Dispatches from Lesbian Vacationland
As the new school year begins, I want to take one moment to reflect on the summer. And my biggest lesson this summer? To be honest, it was about Jewish education. And who says a Jewish education can’t be fun? (Okay, it’s possible that I did, for much of my childhood. That was back in an earlier period for me before I fell in love with Judaism, a rabbi, and the small town where she landed a pulpit – in that order. These days, since she’s the basically village rabbi and I work as the Jewish educator, we not-so-jokingly call ourselves the Lesbian Chabad.)

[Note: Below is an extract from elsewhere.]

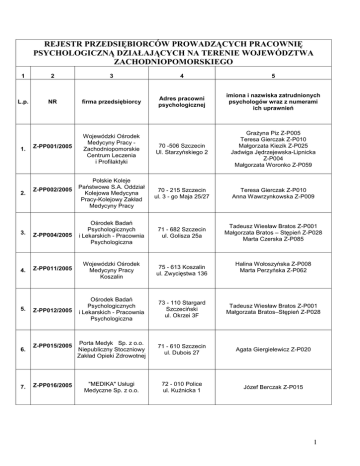 REJESTR PRZEDSIĘBIORCÓW PROWADZĄCYCH PRACOWNIĘ PSYCHOLOGICZNĄ DZIAŁAJĄCYCH NA TERENIE WOJEWÓDZTWA ZACHODNIOPOMORSKIEGO 1 2 3 4 5 L.p. NR firma przedsiębiorcy Adres pracowni psychologicznej imiona i nazwiska zatrudnionych psychologów wraz z numerami ich uprawnień Z-PP001/2005 Wojewódzki Ośrodek Medycyny Pracy Zachodniopomorskie Centrum Leczenia i Profilaktyki 70 -506 Szczecin Ul. Starzyńskiego 2 GraŜyna Piz Z-P005 Teresa Gierczak Z-P010 Małgorzata Kiezik Z-P025 Jadwiga Jędrzejewska-Lipnicka Z-P004 Małgorzata Woronko Z-P059 Polskie Koleje Państwowe S.A. Oddział Kolejowa Medycyna Pracy-Kolejowy Zakład Medycyny Pracy 70 - 215 Szczecin ul. 3 - go Maja 25/27 Teresa Gierczak Z-P010 Anna Wawrzynkowska Z-P009 71 - 682 Szczecin ul. Golisza 25a Tadeusz Wiesław Bratos Z-P001 Małgorzata Bratos – Stępień Z-P028 Marta Czerska Z-P085 1. 2. Z-PP002/2005 3. Z-PP004/2005 Ośrodek Badań Psychologicznych i Lekarskich - Pracownia Psychologiczna 4. Z-PP011/2005 Wojewódzki Ośrodek Medycyny Pracy Koszalin 75 - 613 Koszalin ul. Zwycięstwa 136 Z-PP012/2005 Ośrodek Badań Psychologicznych i Lekarskich - Pracownia Psychologiczna 73 - 110 Stargard Szczeciński ul. Okrzei 3F Tadeusz Wiesław Bratos Z-P001 Małgorzata Bratos–Stępień Z-P028 Z-PP015/2005 Porta Medyk Sp. z o.o. Niepubliczny Stoczniowy Zakład Opieki Zdrowotnej 71 - 610 Szczecin ul. Dubois 27 Agata Giergielewicz Z-P020 Z-PP016/2005 "MEDIKA" Usługi Medyczne Sp. z o.o. 72 - 010 Police ul. Kuźnicka 1 Józef Berczak Z-P015 5. 6. 7. Halina Wołoszyńska Z-P008 Marta Perzyńska Z-P062 1 Z-PP017/2005 Ośrodek Usług Psychologicznych Poradnia Badań Kierowców 71 - 063 Szczecin ul. Ks. Witolda 3/1A Zdzisław Kniaziuk Z-PO22 Małgorzata Kiezik Z-P025 GraŜyna Piz – Z-P005 Z-PP018/2005 Centrum Psychologii Dominika Markowska Pracownia Psychologiczna 73 - 110 Stargard Szczeciński ul. Czarnieckiego 25D Dominika Markowska Z-P029 10. Z-PP019/2005 Psychologiczna Pracownia Badań Kierowców Robert Zagrzejewski 78 - 400 Szczecinek ul. 28 Lutego 3 Robert Zagrzejewski Z-P032 8. 9. 11. Z-PP020/2005 Centrum Badań Lekarskich i Psychologicznych 12. Z-PP021/2005 Firma PSYCHO-TEST Karolina Święciaszek Liga Obrony Kraju Stowarzyszenie Warszawa 13. Z-PP022/2006 Ośrodek Szkolenia Zawodowego Kierowców w Gryficach 70 - 372 Szczecin ul. Boh. Warszawy 18/1 Katarzyna Bieńczak Z-P037 Kamila Bogulas Z-P038 78 - 100 Kołobrzeg ul. Szpitalna 2c/5 Karolina Święciaszek Z-P033 72 - 300 Gryfice ul. Kamieńska 42 Lucyna Derkowska Z-P045 Wioletta Witkowska 32/P 14. Z-PP024/2006 Pracownia Psychologiczna "ABS" Małgorzata Mazur 75-950 Koszalin ul. Szczecińska 1418 Małgorzata Mazur Z-P039 15. Z-PP026/2007 PROFI-MED Sp. z o.o. J. Klonek, A. Krawczyk 72-100 Goleniów ul. M. Konopnickiej 10A Magdalena Paszkowska Z-P041 2 Polski Związek Motorowy Okręgowy Zespół 16. Z-PP027/2007 Działalności Gospodarczej Sp. z o.o. w Poznaniu 78-600 Wałcz ul. Kołobrzeska 7 Katarzyna Wierzbińska Z-P046 17. Z-PP028/2007 Centrum Badań Psychologicznych Psychotest Anna Jekel 70-453 Szczecin Al. PapieŜa Jana Pawła II 36/8 Anna Jekel Z-P043 18. Z-PP030/2008 Firma Usługowo Handlowa Gabinet Psychologiczny Adam Fedeńczak 72-200 Nowogard ul. 700-lecia 17 Iwona Witek Z-P086 Marta Bogumił – Felbur Z-P087 Anna Bielida Z-P061 19. Z-PP031/2008 Liga Obrony Kraju Stowarzyszenie Warszawa Ośrodek Szkolenia Zawodowego Kierowców w Białogardzie 78-200 Białogard ul. Zwycięstwa 10 Ośrodek Nauki Jazdy s.c. 20. Z-PP032/2008 B. i J. Jakubowscy Z-PP34/2009 PSYCHOART STUDIO Małgorzata Wojtunik 22. Z-PP035/2009 PRACOWNIA BADAŃ PSYCHOLOGICZNYCH Anna Stanowska 21. Justyna Wesołowska Z-P081 72-400 Kamień Pomorski ul. Dworcowa 3 Anna Jekel Z-PO43 72-600 Świnoujście ul. Wyspiańskiego 29 Małgorzata Wojtunik – Z-P048 Ul. 3-ego Maja 25/27 70-215 Szczecin Anna Stanowska Z-P047 Ul. Tuwima 10 73-200 Choszczno 3 23. Z-PP036/2009 PRACOWNIA PSYCHOLOGICZNA „KONTAKT” Ewa Pałka Ul.28Lutego 60 78-400 Szczecinek 24. Z-PP037/2009 LIGA OBRONY KRAJU Stowarzyszenie Warszawa Ośrodek Szkolenia Zawodowego Kierowców w Gryfinie Ul. Szczecińska 24 74-100 Gryfino Katarzyna Smolarz Z-P083 Marta Bogumił – Felbur Z-P087 Iwona Witek Z-P086 25. Z-PP038/2010 WOJSKOWA SPECJALISTYCZNA PRZYCHODNIA LEKARSKA Ul. Zwycięstwa 204A 75-640 Koszalin Bogumiła Chomentowska –Hadyniak Z-P017 Ul. Malczewskiego 26 71-612 Szczecin Teresa Gierczak Z-P010 Anna Jekel Z-P043 Barbara Stawarz Z-P072 Medicover Sp. z o.o. 02-366 Warszawa, ul. 26. Z-PP040/2011 Bitwy Warszawskiej 1920 r., nr 18 27. Z-PP041/2011 Pracownia Badań Kierowców „Krzysztof” Al. śołnierza 27/9 73-110 Stargard Szczeciński www.psychologkaczmarska.stargard.pl 28. Z-PP043/2011 Pracownia Badań Psychologicznych „Gamma” Małgorzata Woronko Ul. Batalionów Chłopskich 86 Szczecin 29. Z-PP044/2011 AKSON LAB- Ireneusz Ślęzak Ul. H. Modrzejewskiej 4, lokal numer 3 75-729 Koszalin Ewa Pałka Z-P057 Agnieszka Kaczmarska Z-P036 Józef Berczak Z-P015 Agata Giergielewicz Z-P020 Robert Babiasz Z-P027 Małgorzata Woronko Z-P059 Ireneusz Ślęzak Z-P063 Halina Wołoszyńska Z-P008 Ul. Kupiecka 5A 78-100 Kołobrzeg 4 CENTRUM BADAŃ I USŁUG 30. Z-PP045/2011 PSYCHOLOGICZNYCH AS ANNA SŁONIOWSKA 31. Z-PP046/2011 „Auto-Reflex” Pracownia Psychologiczna UL. Koszalińska 9a Świdwin 78-300 Anna Słoniowska Z-P066 Ul. Bagienna 36c 70-772 Szczecin Monika Subocz Z-P070 Ul. Lipowa 7 78-520 Złocieniec Ewelina MęŜydło Z-P042 32 Z-PP047/2011 33 Z-PP048/2011 Przychodnia Portowa Sp. z o.o w Szczecinie 70 - 656 Szczecin ul. Energetyków 2 Barbara Regnowska Z-P016 Małgorzata Kiezik Z-P025 Z-PP050/2012 LIGA OBRONY KRAJU Stowarzyszenie Warszawa Ośrodek Szkolenia Zawodowego Kierowców w Dębnie 74-400 Dębno Mickiewicza 35 Katarzyna Psiuk 025/08F 35 Z-PP052/2012 Gabinet Psychologiczny Sylwia Milewska 36 Z-PP053/2012 Spółdzielnia Pracy Lekarzy Specjalistów „Medicus” 34 Gabinet Psychologiczny Ewelina Szczotkiewicz Centrum Medyczne FALCK Ul. Narutowicza 13
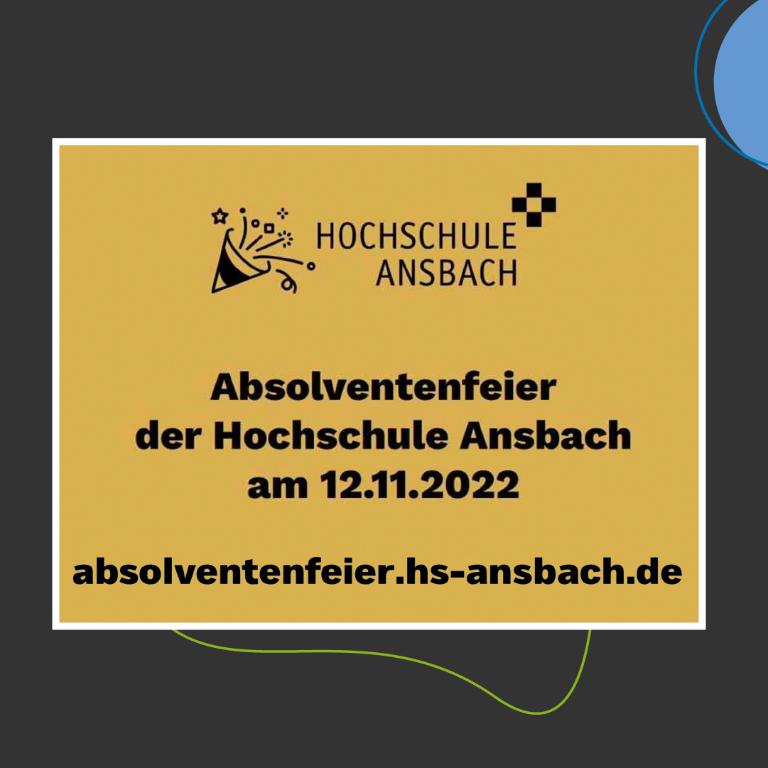 Die Absolventenfeier der Hochschule Ansbach findet wieder statt. Am 12. November feiern wir unsere Alumni der Abschlussjahrgänge 2020 bis 2022.

The Lesbian Chabad, as I’ve mentioned, is stationed up in Maine – which in the winter months does a striking imitation of the Eastern European shteppe from which we both hail. Come summer, though, this place magically morphs into Vacationland, and you’d think there’s not a lot of room for Jewish learning in Vacationland.

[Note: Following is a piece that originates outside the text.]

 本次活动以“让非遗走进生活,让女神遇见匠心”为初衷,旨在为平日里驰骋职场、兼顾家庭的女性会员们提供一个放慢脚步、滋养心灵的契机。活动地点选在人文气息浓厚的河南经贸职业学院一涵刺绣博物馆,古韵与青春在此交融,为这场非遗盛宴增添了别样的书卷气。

You’d be wrong, however, and vastly underestimating both the efforts of my wife R. and myself – and the absolute love of Judaism our Hebrew school kids have up here (not to mention the devotion their parents have to making sure they have Jewish experiences as often as possible). They so love spending time “doing Jewish,” whether it’s in the single room where we teach several grades of Hebrew school at once, at synagogue, on Shabbat hikes – whatever, wherever, our kids are in. They’re an educator’s dream.